DATA BELOW ▸
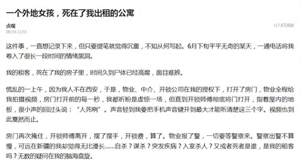 2024年8月16日,陕西一家自媒体“贞观”公众号发表了一篇《一个外地女孩,死在了我出租的公寓》文章,文中描述了一名宁夏固原籍33岁女子身死在出租屋内的故事,引发了广泛关注,也引起了网友对文中诸多细节的讨论和质疑。
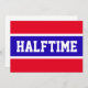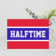 Este design desportivo divertido apresenta letras grandes, fortes e clássicas, dentro a, uma faixa azul bastante vívida e destacada, com pinstripes brancas sobre um fundo vermelho brilhante com "HALFTIME" soletrado frente e centro. As cores e o texto neste design podem ser personalizados.
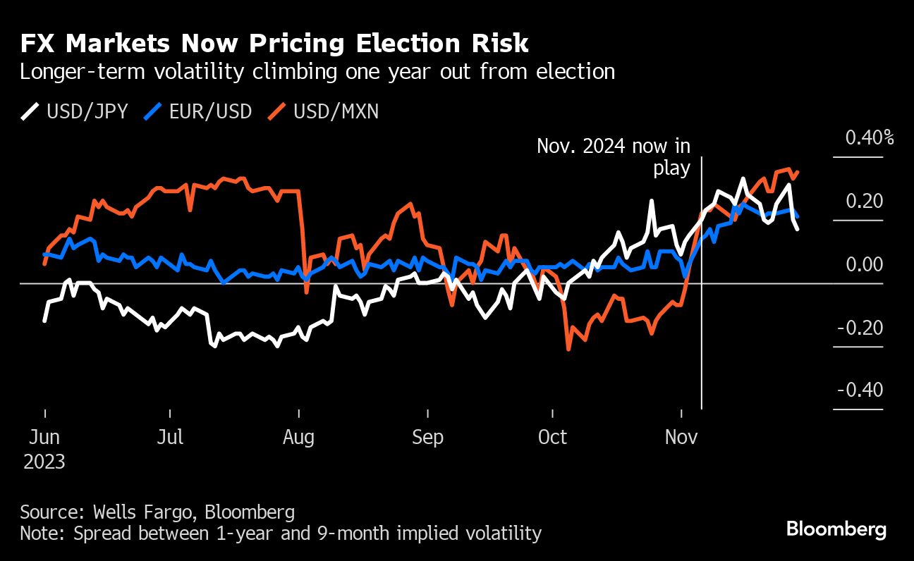 Erik Nelson, a currency strategist at Wells Fargo, said the increase in volatility is only a harbinger for more market-moving events to come in 2024. “We'll see two big waves, one around the primaries, and the second again in October and November,” Nelson said in a Wednesday interview.
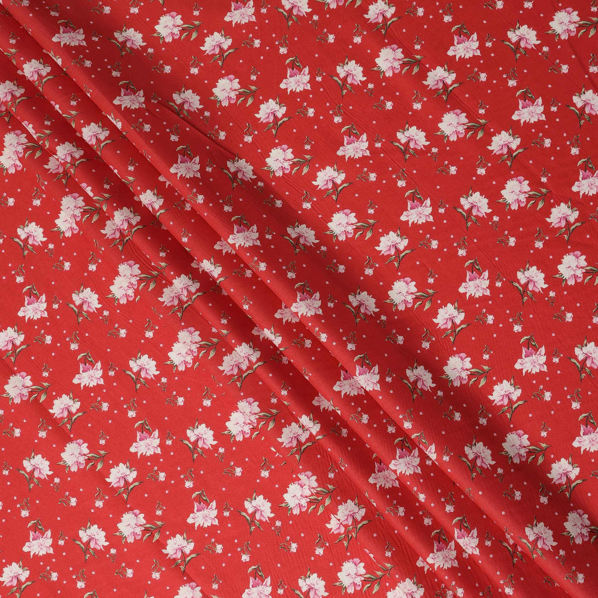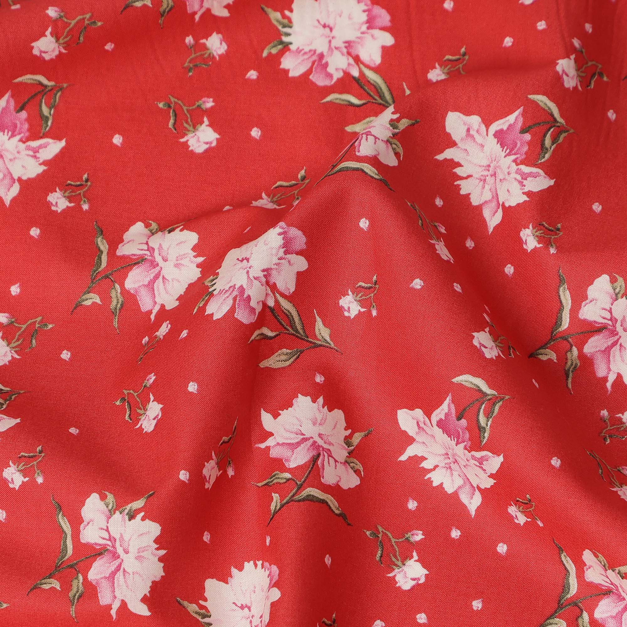 Red Floral Printed Cotton Lawn Fabric All Over Small Blossom Flower Design Soft Dressmaking Material 4.0 Meters Length 110 Cms Width India-D27653

TASK OBJECTIVE ▸ Copy nothing but the lines above from the one with "Erik Nelson, a" through the end of the material, word for word, and drop the pictures.

TASK ANSWER ▸
 Erik Nelson, a currency strategist at Wells Fargo, said the increase in volatility is only a harbinger for more market-moving events to come in 2024. “We'll see two big waves, one around the primaries, and the second again in October and November,” Nelson said in a Wednesday interview.
 Red Floral Printed Cotton Lawn Fabric All Over Small Blossom Flower Design Soft Dressmaking Material 4.0 Meters Length 110 Cms Width India-D27653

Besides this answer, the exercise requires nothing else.